The first visualization the tool provides is a correlogram. Shown in Fig. 4, the correlogram is an interactive heat-map where variables are listed from top to bottom while response variables are listed from left to right. The color level indicates the correlation direction as well as the intensity of the correlation, which is proportional to the R-coefficient of the computed correlation. We chose to use the Spearman Rank Correlation [1] coefficient to cover a larger number of relationships while keeping the results easy to interpret for users. Some cells have no color and correspond to variable pairs where the correlation coefficient is not statistically significant. The statistical significance of the correlation is verified by checking the p-value as well as confidence intervals on the correlation coefficient. The user can select a cell of the heat-map to visualize the corresponding scatter plot. This tool enables users to rapidly validate their intuition against data with an easy to interpret visualization.

5 Discussion

In this section we discuss the impacts and outcomes of usage of the data platform. The first impact is a significant gain of time for reporting and information gathering about product prototypes. Thanks to the single point of entry for accessing data provided by the platform, some users were able to find relevant data for reporting on current designs in a few minutes or hours. The same process used to take several days before the deployment of the platform. This gain of time for information gathering affects the iterative engineering cycle described in Sect. 3 by accelerating the feedback loop between prototype fabrication and data analysis phases.

The second impact is the quality improvement of data after deployment of the platform. Users observed that the amount of data collected and available in the platform depends on how input files and documents are filled. As developing rules for the many possibilities of filling a line or cell in a documents is infeasible, and the time and resources required for building large annotated databases is not always available, platform users started an internal process for more strict document filling and checking rules. We hope these efforts lead to better data importation success rate in the future.

Another concern was the ease of access to data, which raises concerns against data leakage risks. As the data contains and correlate design data as well as measurements, the risk is the leakage of company knowledge, know-how and intellectual property. Therefore for the acceptability of the approach, it is important to enforce best practices such as end-to-end encryption, provide strict access control, and demonstrate these aspects to stake-holders.

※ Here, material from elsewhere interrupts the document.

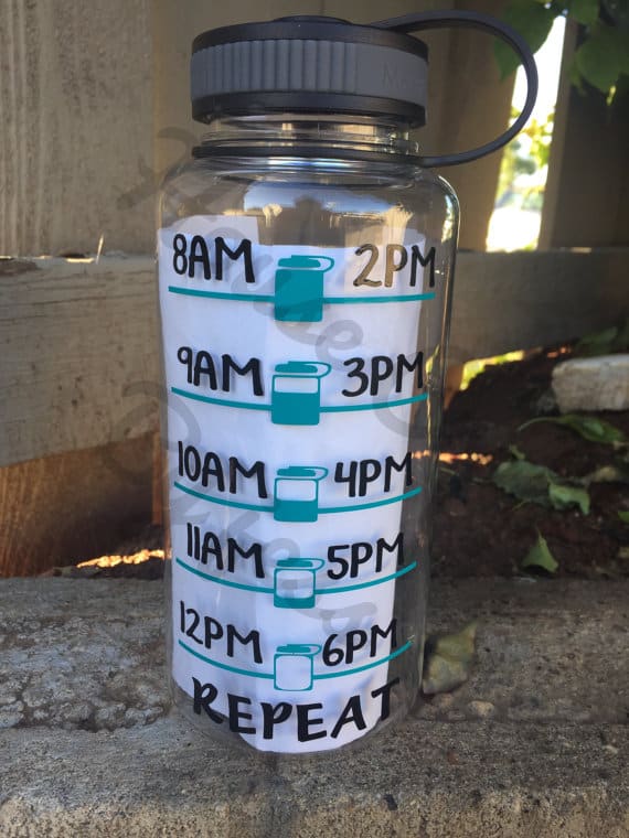 Another clever idea is to get a large clear reusable water bottle and draw lines on the side indicating each cup’s worth of water. That way, you can visibly see how much water you’ve been drinking throughout the day and start making it a goal to drink a certain amount by a certain time.

6 Conclusion and Future Works

In this work, we addressed several challenges related to Industry 4.0 implementation for the improvement of product design phase. First, by deploying a continuous data collection system based on historical data and sources already available in the company IT systems, we are able to demonstrate the feasibility of a data-based approach for modeling product features with a lower material cost. We also developed a document extraction framework for tabular data extraction to address the diversity of data sources in the various documents stores of the company. The platform use resulted in a significant time gain according to users, providing the ability to extract analyze product tests results in a matter of hours instead of days previously. This may also result in qualitative improvement of the process by initiating better data input and control. Through continuous data collection and quality feedback, users can improve data quality daily.

In future works, we plan to develop the number of supported data sources, and use Natural Language Processing techniques in order to improve the robustness of the data extraction process and collect more various sources samples. In another part of the work, developing predictive models based on extracted data will enable users to anticipate the impact of design changes on future product. More specifically the study of graph-based techniques for these approaches seems promissing to address the variety of data in input sources.